**Instructions to follow:**
Exactly as written, transcribe the data from its opening line through the line containing "位于福城街道的乔合里科技有限". Leave every picture out.
══════════
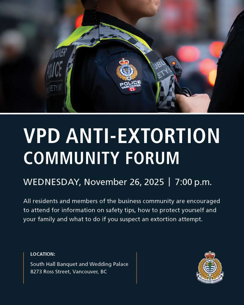 All residents and members of the business community are encouraged to attend a VPD Anti-Extortion Community Forum on Wednesday, November 26, 2025 at 7:00 p.m. at the South Hall Banquet and Wedding Palace, 8273 Ross Street, Vancouver. We’ll share information on safety tips, how to protect yourself and your family, and what to do if you suspect an extortion attempt.
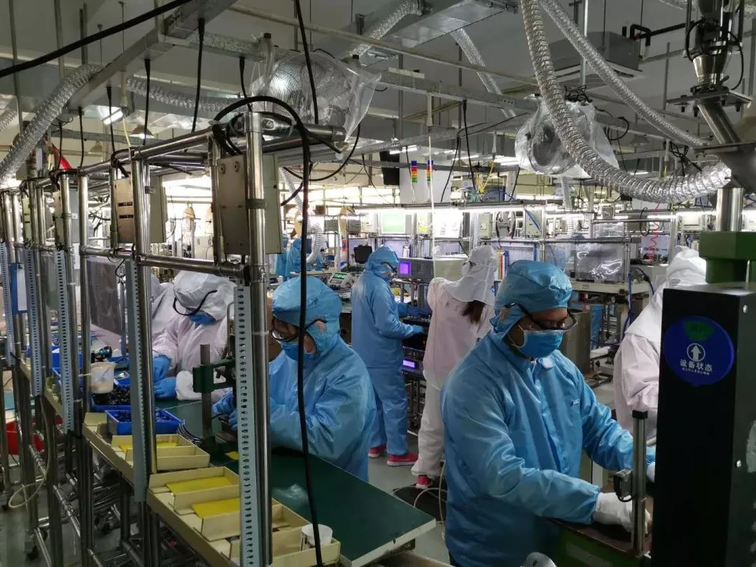位于福城街道的乔合里科技有限公司有序复工复产,规定员工不面对面设操作台,不随意脱下防护用具,工作期间不串岗、交谈。
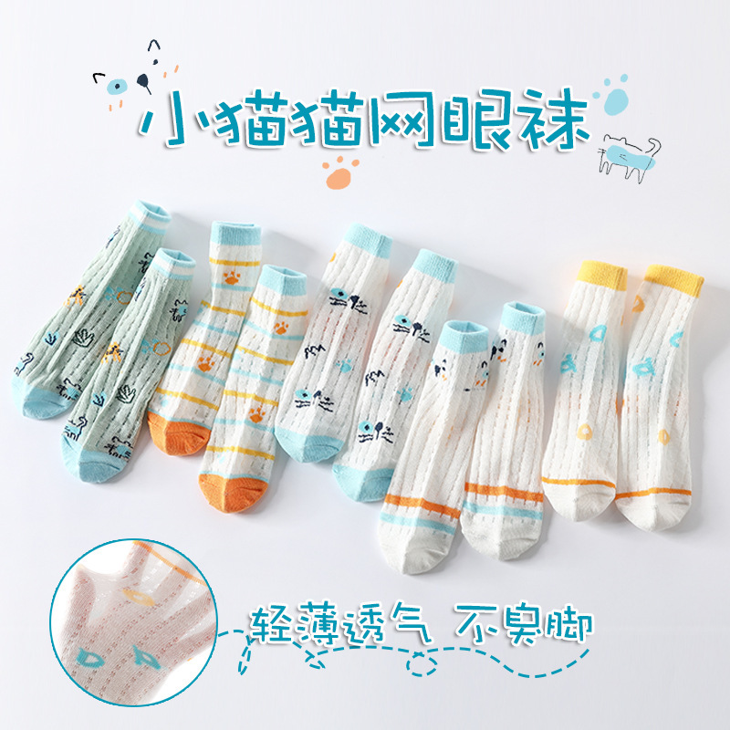 23年新款男女童袜子春夏薄款纯棉网眼中筒袜儿童宝宝棉袜厂家批发
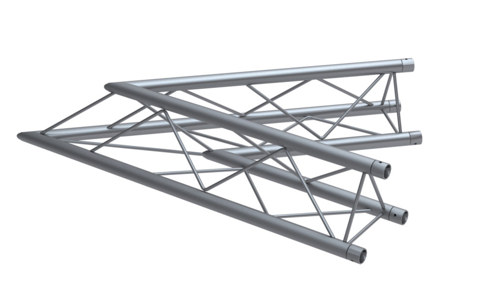 Cosmic Truss F23 is a triangular high strength truss system that combines lightweight and high capacity. The triangular construction provides optimum strength and loading capacity for its size, with a standard tube diameter of 35mm (1.37 inch). Section pieces connect together using a conical coupler, which is then secured with a locking pin, and a further safety clip for added security.
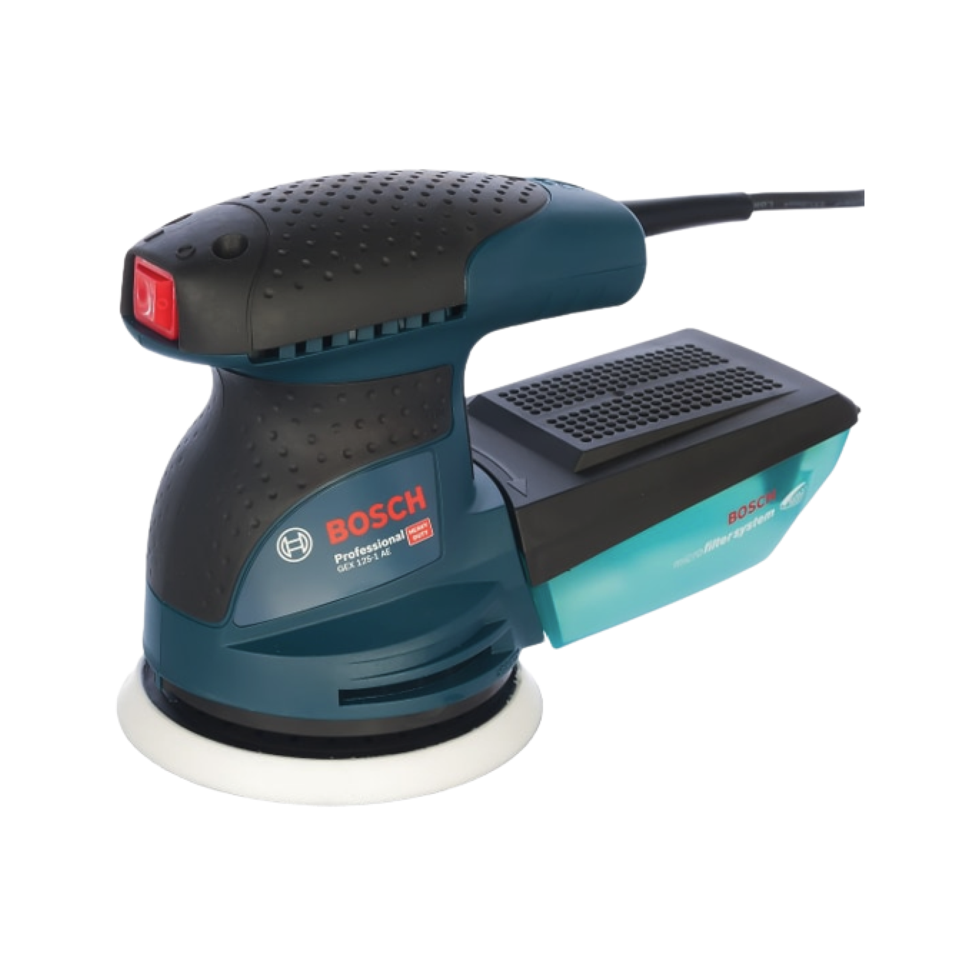 Основные преимущества эксцентриковой шлифмашины Bosch GEX 125-1 AE Professional: инструмент не будет царапать материал, который обрабатывают, легкая замена листов, удобная рукоять и так далее.
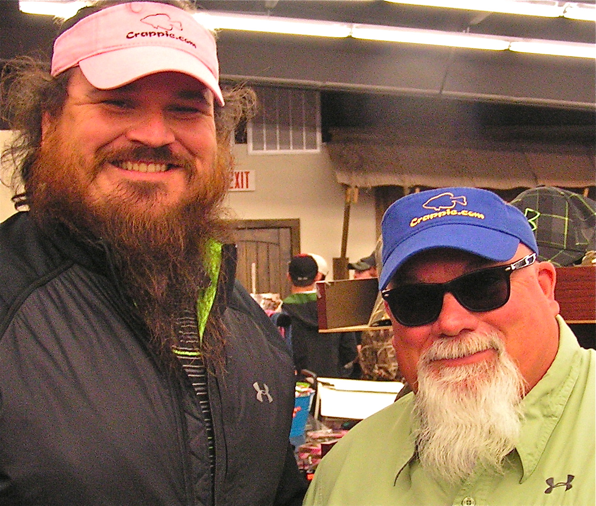 Here’s my report back to Ed: “Okay, Ed, here’s something that money can’t buy. I met Godwin and Martin down at Duck Commander headquarters Monday afternoon and gave them your Crappie.com goodie package. They were delighted and as you can see below, put on some of the gear. Martin even “went VISOR ” with Godwin. Thought you’d like that. I told them you had seen the writeup on lakedarbonnelife.com and were impressed they were crappie fishermen.
══════════
**Task response:**
 All residents and members of the business community are encouraged to attend a VPD Anti-Extortion Community Forum on Wednesday, November 26, 2025 at 7:00 p.m. at the South Hall Banquet and Wedding Palace, 8273 Ross Street, Vancouver. We’ll share information on safety tips, how to protect yourself and your family, and what to do if you suspect an extortion attempt.
位于福城街道的乔合里科技有限公司有序复工复产,规定员工不面对面设操作台,不随意脱下防护用具,工作期间不串岗、交谈。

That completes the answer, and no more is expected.